A site-wide stop control can halt tasks above these four levels. Enabling one helper does not override any of the others.

Choose the helpers​

In Enablement, read each helper's description and turn on only the ones you intend to support. Depending on installed features, helpers can assist with curriculum, lessons, question banks, individual questions, import review, grading feedback, answer grouping, learner explanations, and report narratives.

The location shown with a helper tells you where it is used. For example, a gradebook helper supports an instructor's assessment work; it is not necessarily a learner-facing chatbot.

Connect the service and route tasks​

When the AI connection package is installed, open its Connections, Task catalogue, and Model provisioning areas.

  • Configure the connection to the supported AI service or bridge.
  • Use the credential reference supplied by your server administrator. Do not paste a secret into a field that expects an env: or store: reference.
  • Review the task catalogue to understand each task's purpose and requirements.
  • In model provisioning, select the connection and the exact service or model slug it exposes for the task.
  • Set the per-run ceiling using that service's stated units. A zero ceiling blocks spending; it does not mean unlimited usage.
  • Review the resulting route in AI → Routes, then enable it deliberately.

Newly provisioned routes start disabled. A listed connection or route does not prove that its credentials or model name are valid. Some helpers can perform deterministic work without a model; use each task's description rather than guessing from its name.

Publish a data-use policy​

In Data-use policy, explain what may be sent to the service, why it is used, and what review and retention arrangements apply. Activate the version intended for users and complete the required acceptance before testing.
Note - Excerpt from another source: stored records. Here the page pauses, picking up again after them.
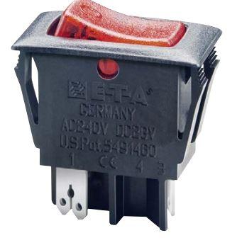 E-T-A Circuit Breakers 1410-F110-P1F1-W14QB3-1.5A Thermal Overcurrent Miniaturised single pole rocker switch/thermal circuit breaker combining ON/OFF switching and extremely fast overload performance in a single component (S-type TO CBE to EN 60934/IEC 934). Under overload conditions an internal neon (f
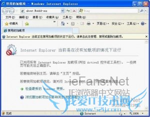 单击“开始” →“所有程序”→“附件”→“系统工具”→“Internet Explorer (无加载项)”,打开IE无加载模式后看问题是否得到解决。
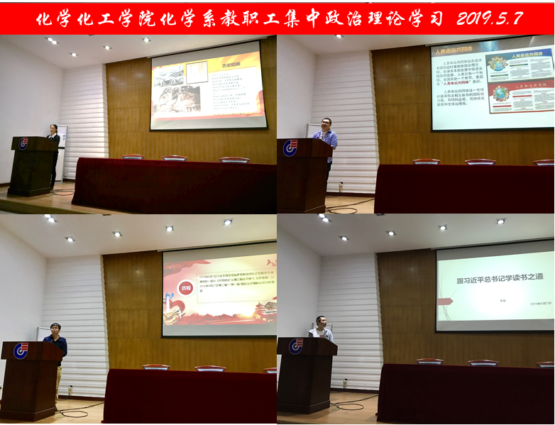 化学化工学院化学系于2019年5月7日开展了全体教职工第三次集中政治理论学习活动,本次学习由化学系第一支部和第二支部共同召集开展,第一支部书记宦双燕同志主持会议,俞汝勤院士、王玉枝书记、张晓兵院长均参加了本...

Changing the active policy may require renewed acceptance. Avoid including unnecessary personal data in prompts or source material.

Review runs, drafts, and usage​

Use Runs to distinguish a refused task from a failed service request or a cancelled run. A refusal commonly means an enablement, consent, route, permission, or budget requirement has not been met.

Use Drafts to review generated work before accepting it. Check facts, answer keys, accessibility, tone, and suitability for your learners. A feedback suggestion should not be treated as an instructor's final grade automatically.

Use Usage to review the available consumption records and limits. These controls are separate from learner course payments.

The stop control prevents further AI work; it does not undo content already accepted or published. See automations before allowing AI tasks in recurring workflows.